- Exercise prompt -
When you restate the data, keep every word as it is and drop the images.
Data block Start Marker
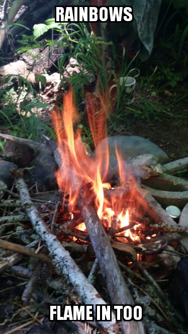 Gaia likes medicine here, grandmother tree grows magic mushrooms for my personal entertainment ceremony. The last legal campfire of spring burned just the other day, the forest is closed to deliberate camping flames due to weather manipulation.
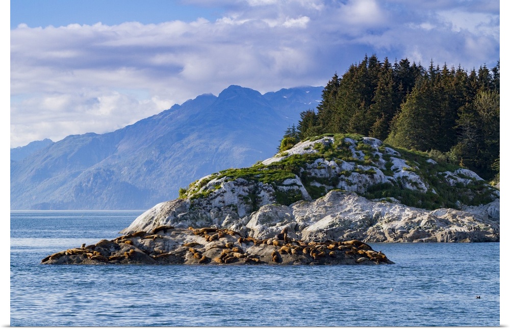 <p>Northern (Steller) sea lions, (Eumetopias jubatus), hauled out on South Marble Island, Glacier Bay National Park, Alaska, United States of America</p>
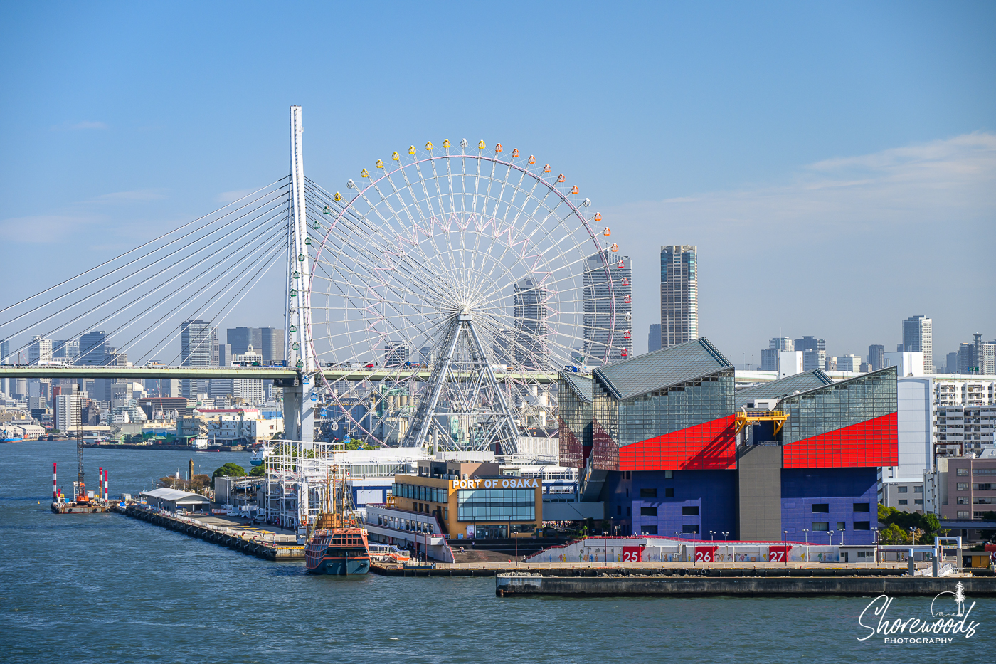 We woke to a beautiful morning of clear blue skies after an evening at sea. Late morning we sailed into Osaka Port, passing impressive container ships and marine docks.
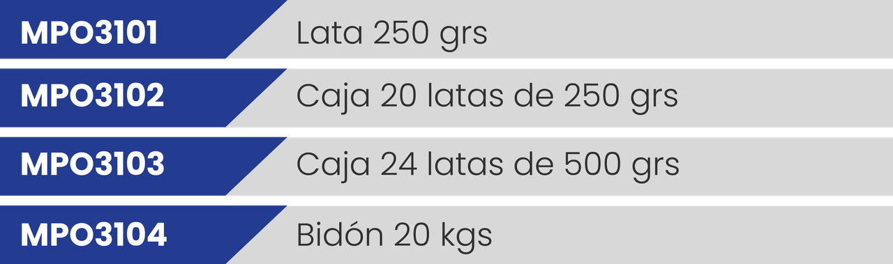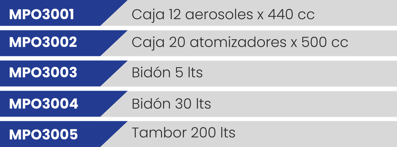 Fluído sintético de alta tecnología que evita que las proyecciones de soldadura (spatter) se adhieran a la pieza trabajada y a los equipos. Estas proyecciones son consideradas uno de los defectos más comunes en los procesos de soldadura, ya que generan inconvenientes y propician la aparición de contaminantes. Ventajas: Sin silicona: Las piezas podrán ser pintadas sin ningún inconveniente. No inflamable. Biodegradable . Lavable con agua. No desprende olores desagradables.
Data block End Marker
- Task answer -
 Gaia likes medicine here, grandmother tree grows magic mushrooms for my personal entertainment ceremony. The last legal campfire of spring burned just the other day, the forest is closed to deliberate camping flames due to weather manipulation.
 <p>Northern (Steller) sea lions, (Eumetopias jubatus), hauled out on South Marble Island, Glacier Bay National Park, Alaska, United States of America</p>
 We woke to a beautiful morning of clear blue skies after an evening at sea. Late morning we sailed into Osaka Port, passing impressive container ships and marine docks.
 Fluído sintético de alta tecnología que evita que las proyecciones de soldadura (spatter) se adhieran a la pieza trabajada y a los equipos. Estas proyecciones son consideradas uno de los defectos más comunes en los procesos de soldadura, ya que generan inconvenientes y propician la aparición de contaminantes. Ventajas: Sin silicona: Las piezas podrán ser pintadas sin ningún inconveniente. No inflamable. Biodegradable . Lavable con agua. No desprende olores desagradables.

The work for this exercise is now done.